Scholarly Orientation and Methodology

Our contemporary higher educational system has already produced at great cost a small corps of outstanding inner science scholars who, in spite of lack of mainstream recognition of their field, now hold important positions in major universities. These scholars are as highly trained in their own field as physical scientists are in theirs. They have mastered difficult Asian languages, most notably Sanskrit and Tibetan, and are deeply involved in the exploration of the epistemological challenges and psychological dimensions of “inner space” enjoined by inner science studies, and are committed to seeing that such new knowledge and inner powers be used for the good of all.

Many of these scholars are individually challenging outmoded paradigms and methodologies, restrictive stereotypes, and the “received wisdom” regarding Indic “religions.” The Infinity Foundation (IF) and the Second Renaissance Institute (SRI) have sought to bring into association such isolated individuals to create a critical mass that can have a major impact on the future not only of Indic scholarship, but also of all contemporary academic disciplines and indeed global culture as a whole. We have now nurtured a core working group which will form the basis for further, ongoing collaborative research, publications, conferences, and so forth.
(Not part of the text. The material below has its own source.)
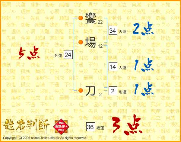 饗場刀さんの天運は34画の2点!

As we have expanded our community of inner science scholars we have developed an awareness of the types of characteristics which seem most valuable to our educational mission. Our current (and future) inner science scholars have not only each mastered their own particular sub-field of inner science, but — of no less importance — they are also well-trained in contemporary academic disciplines, methodologies, and concerns. Thus, they are well equipped and motivated to bring the inner science disciplines “out of the closet” and into serious, meaningful dialogue with mainstream disciplines from psychology to philosophy, sociology, psychotherapy, and so forth. This will involve a sustained effort and commitment to truly translate (as much as possible) terms, concepts, methodologies, and so forth into each others’ language and idiom.
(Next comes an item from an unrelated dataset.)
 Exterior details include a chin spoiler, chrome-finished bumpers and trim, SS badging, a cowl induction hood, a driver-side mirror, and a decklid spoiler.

While no scholar or discipline can be (or often should be) “value neutral,” our scholars are fully committed to academic and scientific standards valuing “objectivity” (variously defined and problematized), self-awareness, critical thinking, full disclosure, and so forth. In conformity with long-standing Indic methodology and tradition regarding such inner sciences, (and entirely contrary to the stereotypes of supposedly “mystical” Indic traditions), personal “experience” (whether dubbed “religious” or not) is not necessarily held to trump public, empirical “perception” (whether dubbed “factual” or “scientific” or otherwise) — rather these two are both seen to be mutually interdependent, each affecting the other and posing (as much as answering) the question of “what is really real?” Thus, the many and varied technologies of the Indic inner sciences, and the vast, meticulously categorized array of “altered” experiences and perceptions to which they give rise, have always been positioned in and interpreted through equally varied and sophisticated systems of epistemology. And thus, public debate over such issues as the nature, interpretation, and verifiability of such experiences is and always has been at the very heart of the Indic inner sciences.
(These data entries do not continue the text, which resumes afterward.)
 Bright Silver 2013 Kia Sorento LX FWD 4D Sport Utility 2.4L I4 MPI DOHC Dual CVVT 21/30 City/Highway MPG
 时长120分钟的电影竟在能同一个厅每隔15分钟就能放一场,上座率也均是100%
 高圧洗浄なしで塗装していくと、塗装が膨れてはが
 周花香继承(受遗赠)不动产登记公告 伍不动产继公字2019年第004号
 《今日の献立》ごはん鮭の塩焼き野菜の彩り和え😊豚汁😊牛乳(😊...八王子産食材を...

Thus, to be “objective” in our pursuit of the inner sciences means that — while we are each informed by our particular contexts, and while our positions on scholarly issues will certainly have measurable impact on issues in the “real world” — we seek to consciously avoid arguments, stances, methodologies, etc. which are themselves driven by particular, narrow agenda, whether religiously sectarian, politically partisan, or philosophically rhetorical. This spirit of scientific discovery and openness (rather than dogmatic apologetics or polemical rhetoric) is necessary not only to “get at the truth” of the inner sciences, but also to ensure that these sciences are afforded the serious, mainstream scholarly attention they deserve.